* **Exercise brief**:
Copy out the entire listing below exactly, but without its pictures.

* **Data to process**:
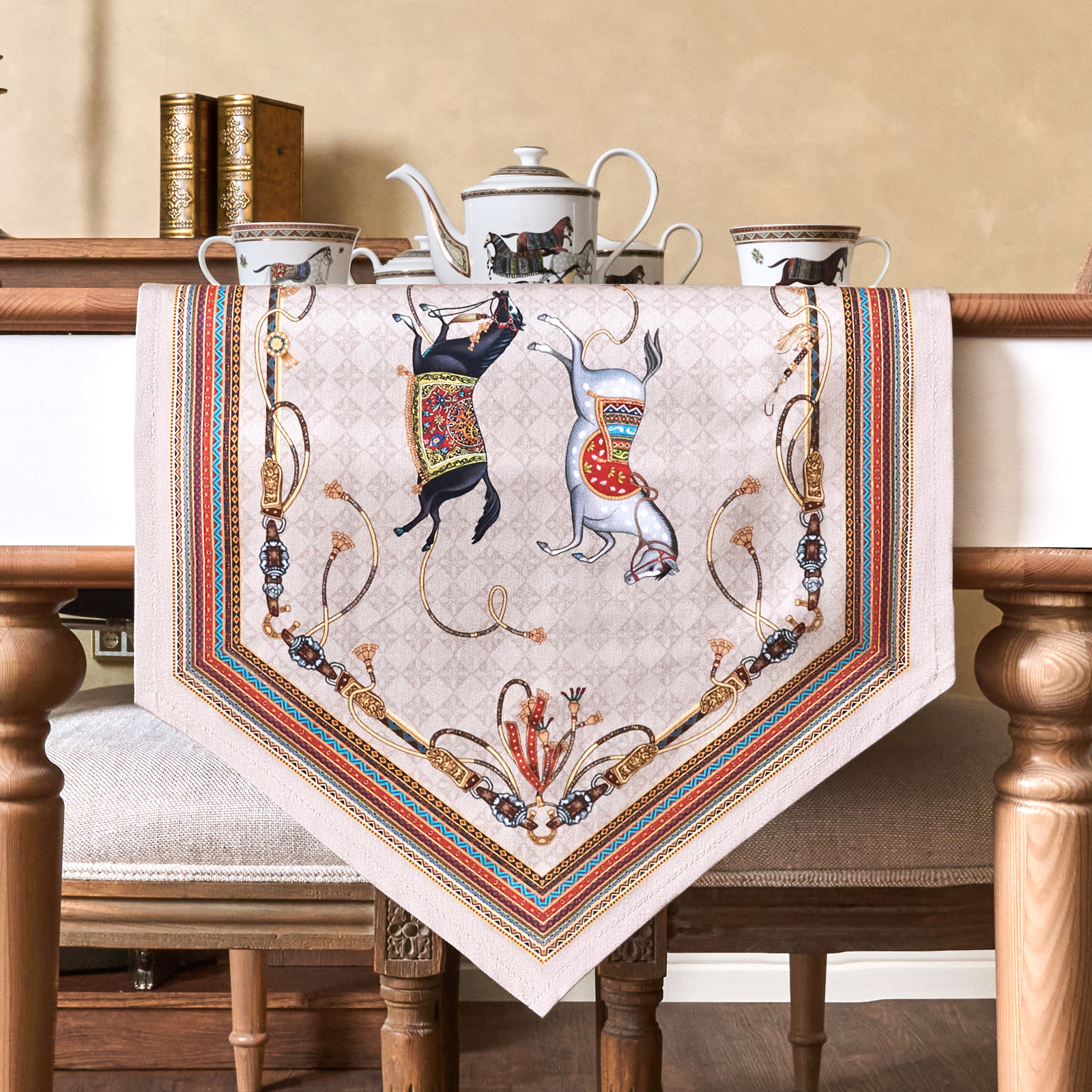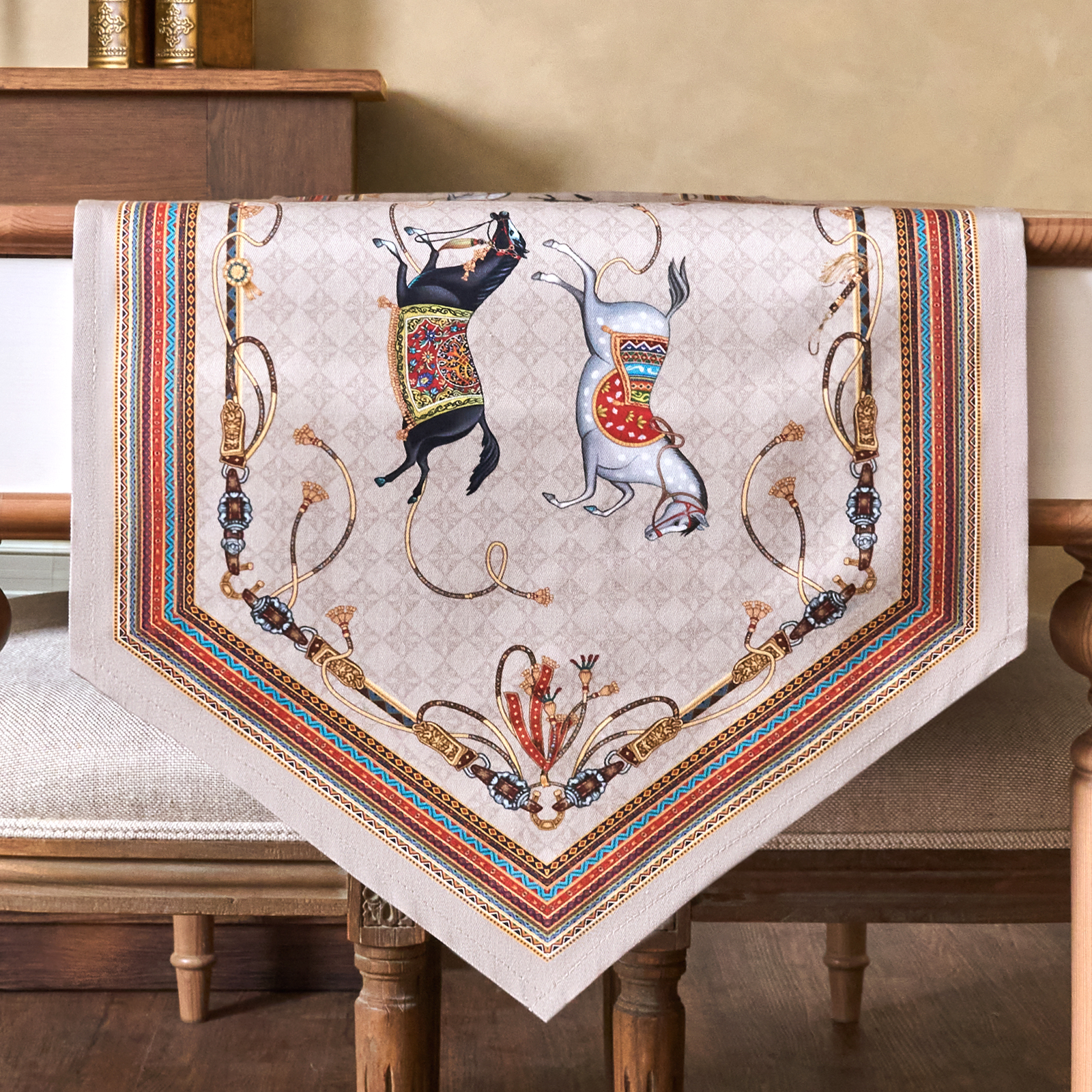 Хорошо комбинируется с однотонными скатертями, посудой в классическом или прованском стиле, текстилем в зимней палитре. Подходит для дома, дачи, загородного коттеджа. Размер 45×300 см идеально подойдёт для прямоугольных и овальных столов, позволяя создать аккуратный и завершённый образ сервировки.
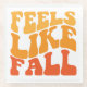 This bold and vibrant fall-themed artwork features the phrase "Feels Like Fall" prominently displayed in a retro-inspired, chunky font. The text is arranged in a dynamic, playful layout that draws the eye and adds a sense of movement to the design. The warm gradient colour palette transitions from golden yellow to deep orange, perfectly capturing the rich hues of autumn leaves. The simplicity of the design, paired with its nostalgic typography and striking colours, makes it a perfect choice for seasonal decor, apparel, or promotional materials celebrating the arrival of fall. This artwork is ideal for evoking the cozy and nostalgic feelings associated with the autumn season.
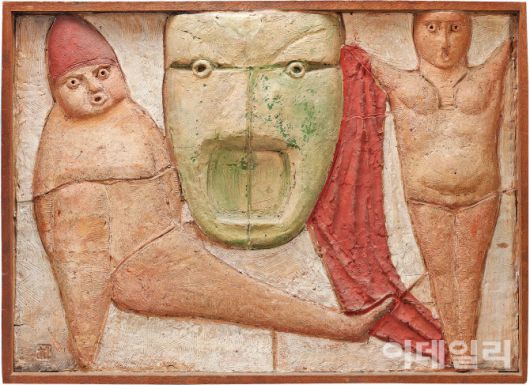 권진규의 ‘코메디’(1967). 제작에 앞서 스케치를 여러 점 남길 정도로 작가가 심혈을 기울인 부조 작품이다. 중앙의 가면과 양옆의 인물을 한 프레임에 잡아낸, 그리스로마시대 코미디 공연에서 따온 듯한 독특한 구상이 단박에 시선을 붙든다. 견고한 조형성을 바탕으로 동서양 문화를 접목했다. 뭔가에 놀란 듯 동그랗게 뜬 눈, 크게 벌린 입 모양, 진한 눈썹선 등은 한국 탈과 서양 가면을 섞어낸 형태다. 탈과 가면이 가진 ‘익명성’을 들여 사회로부터의 고립, 또 나아질 수 있다는 희망을 동시에 드러낸 작가의 의도가 읽힌다. 지난 6월 26일 국립현대미술관 과천에서 개막한 ‘MMCA 과천 상설전: 한국근현대미술Ⅱ’에 걸렸다. 테라코타에 채색, 71.5×97.5×9㎝. 국립현대미술관(이건희컬렉션) 소장. |
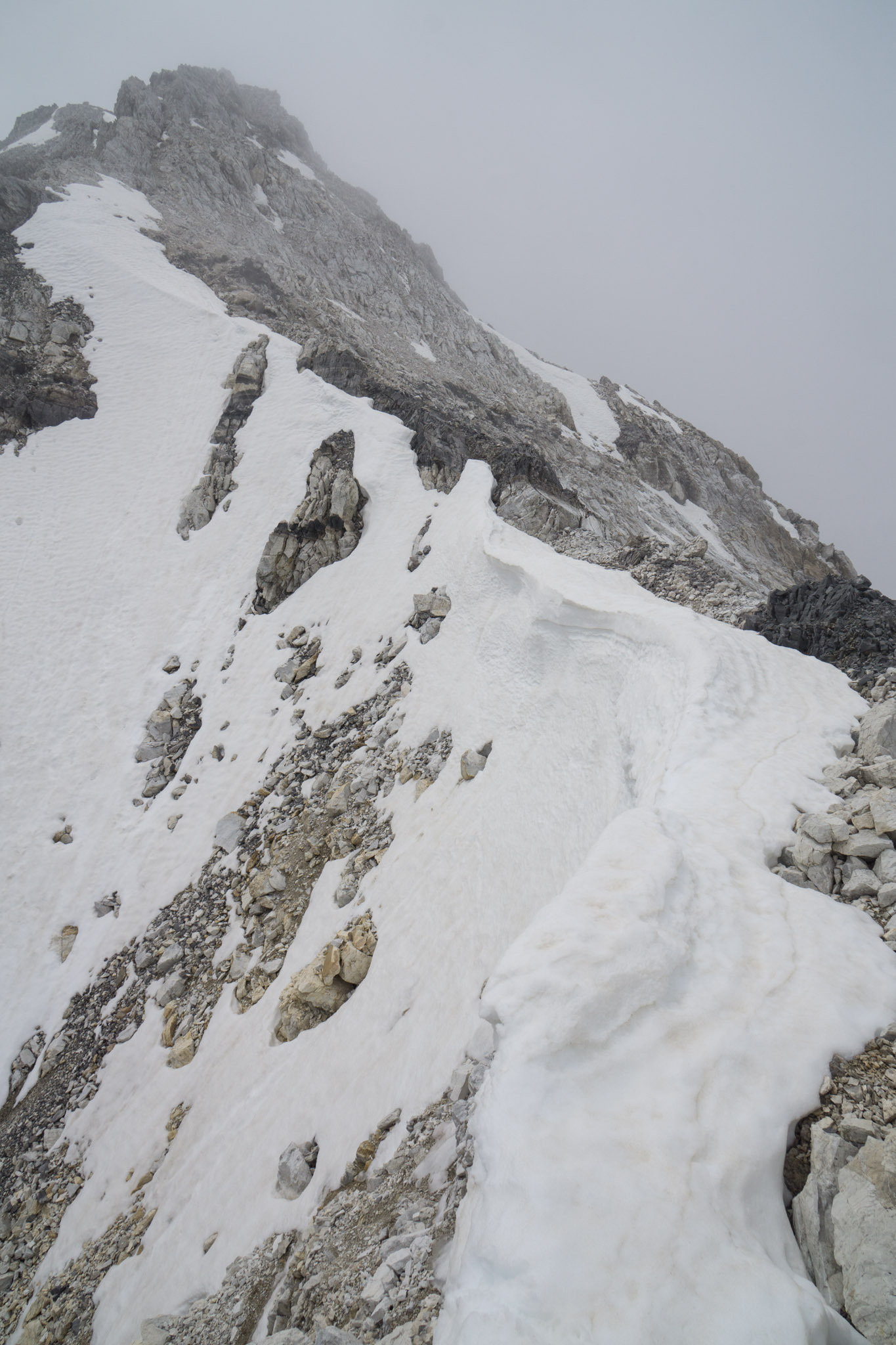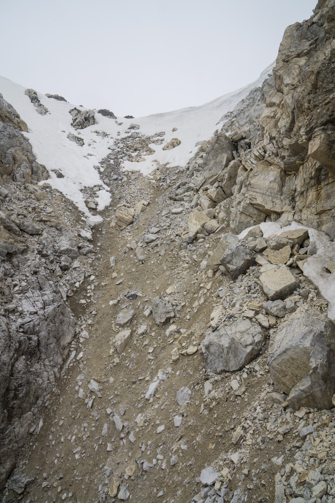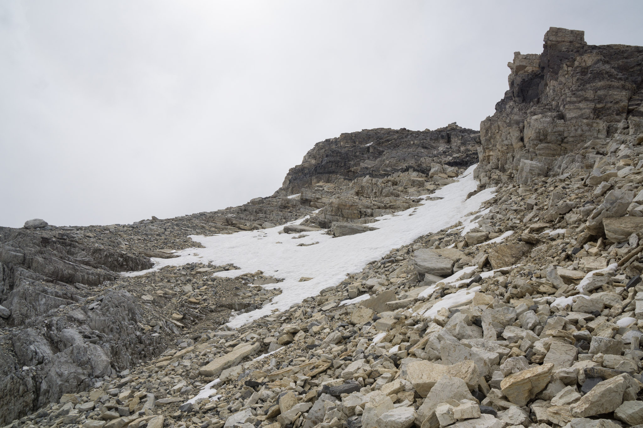 Abweichend von älteren Berichten findet sich eine recht gut ausgetretene Spur im Geröll, und so ist der Aufstieg zur unteren Rinne nicht besonders anstrengend (T3). Die Rinne rauf (T4) und weiter bis zum oberen Ende des dortigen Geröllfelds (T3, ebenfalls mit Pfad). auch dieses Feld geht es mit passabler Spur aufwärts und dann am oberen Ende über eine Rampe nach links hinauf auf eine Schulter auf etwa 2900m. Der Weiterweg ist eindeutig - 50m ein schmaler werdendes Band entlang bis zu einer zweiten rinne und diese dann hinauf. Eigentlich dachte ich, hier wäre Ende Gelände, da eine schattige Rinne auf 2900m Ende Mai eigentlich schneegefüllt sein sollte, aber: alles aper.
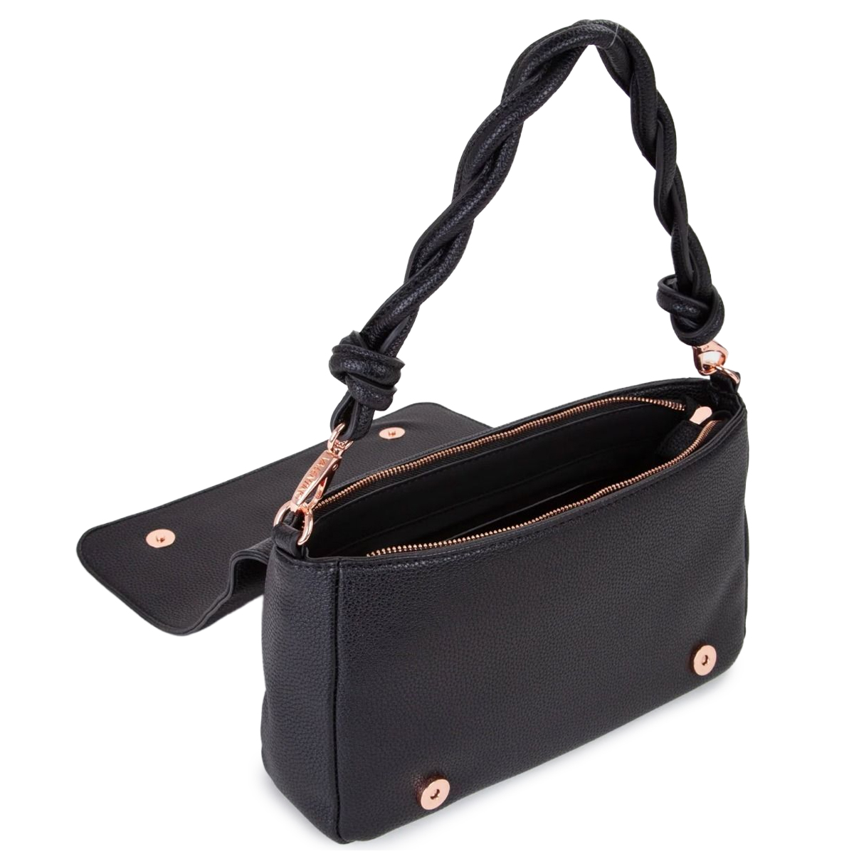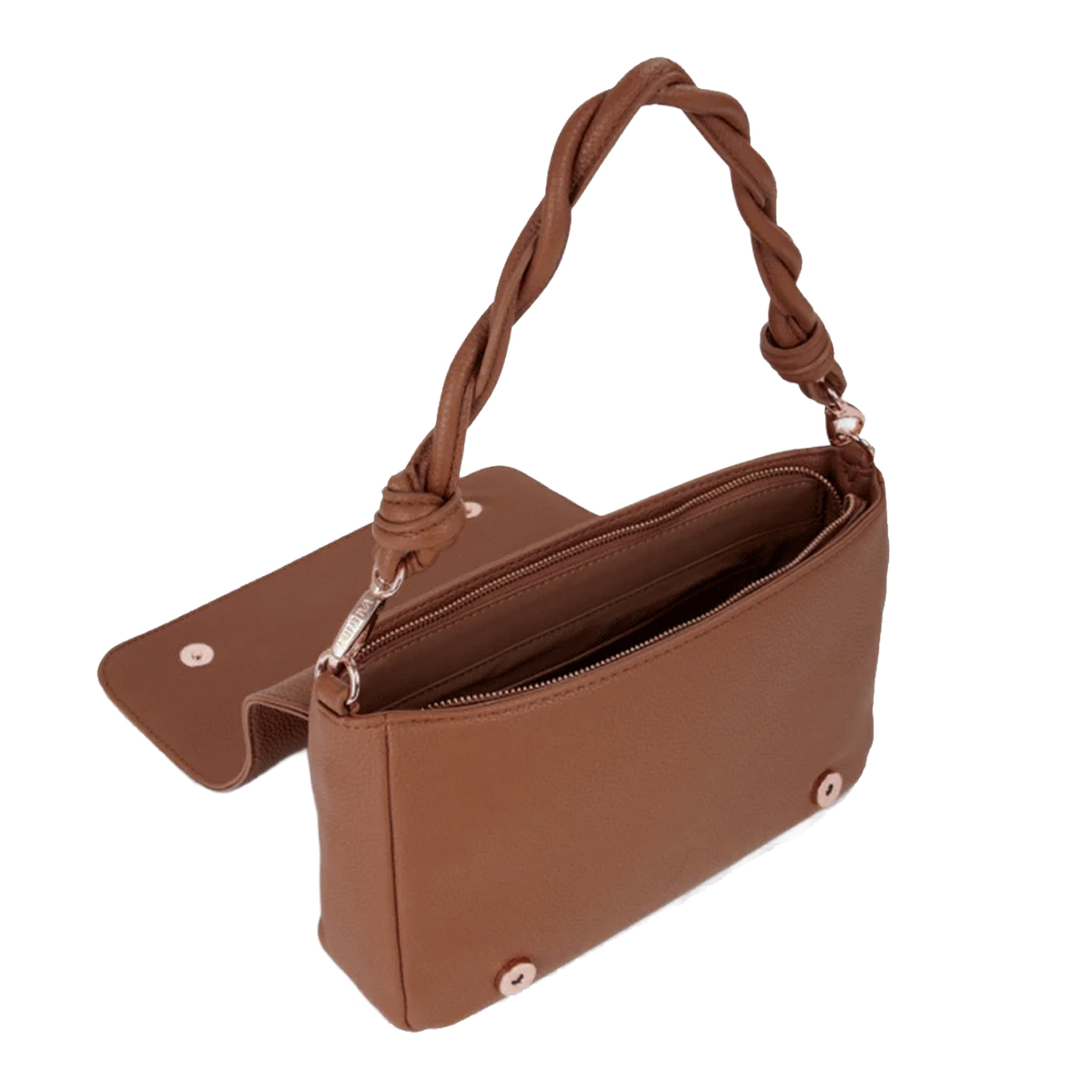 BOLSO A HOMBRO, MUJER, SOLO COLOR, CON LOGO, CIERRE CON BOTONES
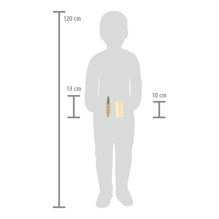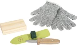 | Maße cm | Messer ca. 13 x 3 x 1 cm, Holzblock ca. 10 x 5 x 2 cm, Handschuhgröße: XS (Schnittschutzklasse 5) |
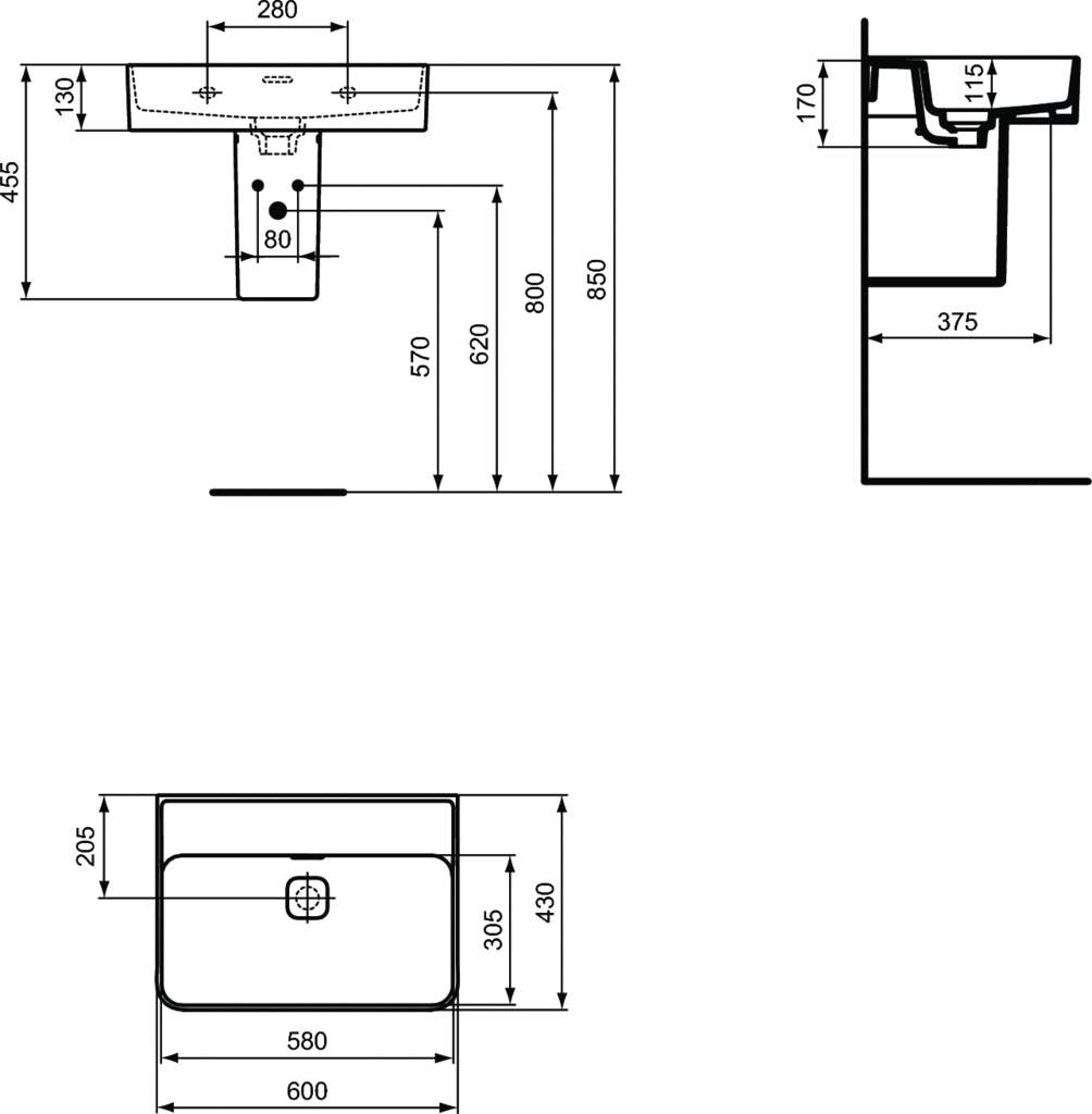 Umywalka Strada II bez otworu na baterię, z przelewem o szczelinowym kształcie oraz korkiem o białej pokrywie. Do montażu z meblami, półpostumentem T299601 lub samodzielnie z syfonem. Opcjonalny montaż z korkiem typu Click-clack z metalową pokrywą T3629AA. Zalecane wyposażenie: zestaw montażowy M10 x 140 mm.
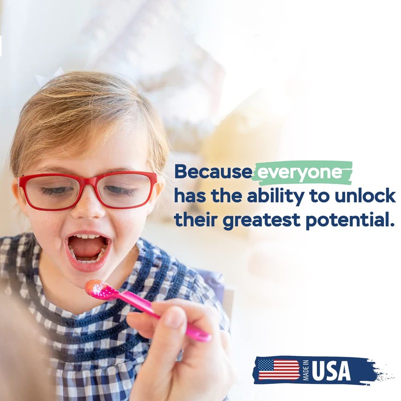 - Aumenta la conciencia sensorial mientras fomenta el redondeo de los labios.
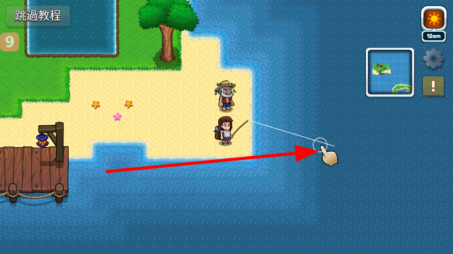1、首先在游戲場(chǎng)景中,來(lái)到海邊合適位置,按照提示點(diǎn)擊相應(yīng)海域,拋出魚竿,靜靜等待魚上鉤,開啟釣魚過(guò)程。
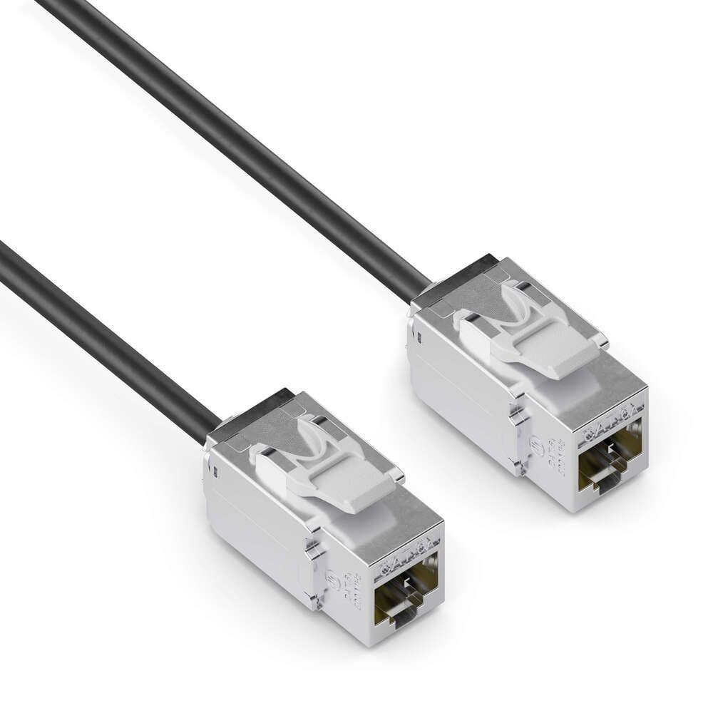 - Robust Shielded Keystone Modules: Both ends terminate in zinc diecast shielded RJ45 keystone modules with gold-plated pins. This configuration ensures durable mechanical performance and reliable signal integrity, addressing the demands of frequent use in modular AV connection systems.

* **Result of this task**:
 Хорошо комбинируется с однотонными скатертями, посудой в классическом или прованском стиле, текстилем в зимней палитре. Подходит для дома, дачи, загородного коттеджа. Размер 45×300 см идеально подойдёт для прямоугольных и овальных столов, позволяя создать аккуратный и завершённый образ сервировки.
 This bold and vibrant fall-themed artwork features the phrase "Feels Like Fall" prominently displayed in a retro-inspired, chunky font. The text is arranged in a dynamic, playful layout that draws the eye and adds a sense of movement to the design. The warm gradient colour palette transitions from golden yellow to deep orange, perfectly capturing the rich hues of autumn leaves. The simplicity of the design, paired with its nostalgic typography and striking colours, makes it a perfect choice for seasonal decor, apparel, or promotional materials celebrating the arrival of fall. This artwork is ideal for evoking the cozy and nostalgic feelings associated with the autumn season.
 권진규의 ‘코메디’(1967). 제작에 앞서 스케치를 여러 점 남길 정도로 작가가 심혈을 기울인 부조 작품이다. 중앙의 가면과 양옆의 인물을 한 프레임에 잡아낸, 그리스로마시대 코미디 공연에서 따온 듯한 독특한 구상이 단박에 시선을 붙든다. 견고한 조형성을 바탕으로 동서양 문화를 접목했다. 뭔가에 놀란 듯 동그랗게 뜬 눈, 크게 벌린 입 모양, 진한 눈썹선 등은 한국 탈과 서양 가면을 섞어낸 형태다. 탈과 가면이 가진 ‘익명성’을 들여 사회로부터의 고립, 또 나아질 수 있다는 희망을 동시에 드러낸 작가의 의도가 읽힌다. 지난 6월 26일 국립현대미술관 과천에서 개막한 ‘MMCA 과천 상설전: 한국근현대미술Ⅱ’에 걸렸다. 테라코타에 채색, 71.5×97.5×9㎝. 국립현대미술관(이건희컬렉션) 소장. |
 Abweichend von älteren Berichten findet sich eine recht gut ausgetretene Spur im Geröll, und so ist der Aufstieg zur unteren Rinne nicht besonders anstrengend (T3). Die Rinne rauf (T4) und weiter bis zum oberen Ende des dortigen Geröllfelds (T3, ebenfalls mit Pfad). auch dieses Feld geht es mit passabler Spur aufwärts und dann am oberen Ende über eine Rampe nach links hinauf auf eine Schulter auf etwa 2900m. Der Weiterweg ist eindeutig - 50m ein schmaler werdendes Band entlang bis zu einer zweiten rinne und diese dann hinauf. Eigentlich dachte ich, hier wäre Ende Gelände, da eine schattige Rinne auf 2900m Ende Mai eigentlich schneegefüllt sein sollte, aber: alles aper.
 BOLSO A HOMBRO, MUJER, SOLO COLOR, CON LOGO, CIERRE CON BOTONES
 | Maße cm | Messer ca. 13 x 3 x 1 cm, Holzblock ca. 10 x 5 x 2 cm, Handschuhgröße: XS (Schnittschutzklasse 5) |
 Umywalka Strada II bez otworu na baterię, z przelewem o szczelinowym kształcie oraz korkiem o białej pokrywie. Do montażu z meblami, półpostumentem T299601 lub samodzielnie z syfonem. Opcjonalny montaż z korkiem typu Click-clack z metalową pokrywą T3629AA. Zalecane wyposażenie: zestaw montażowy M10 x 140 mm.
 - Aumenta la conciencia sensorial mientras fomenta el redondeo de los labios.
1、首先在游戲場(chǎng)景中,來(lái)到海邊合適位置,按照提示點(diǎn)擊相應(yīng)海域,拋出魚竿,靜靜等待魚上鉤,開啟釣魚過(guò)程。
 - Robust Shielded Keystone Modules: Both ends terminate in zinc diecast shielded RJ45 keystone modules with gold-plated pins. This configuration ensures durable mechanical performance and reliable signal integrity, addressing the demands of frequent use in modular AV connection systems.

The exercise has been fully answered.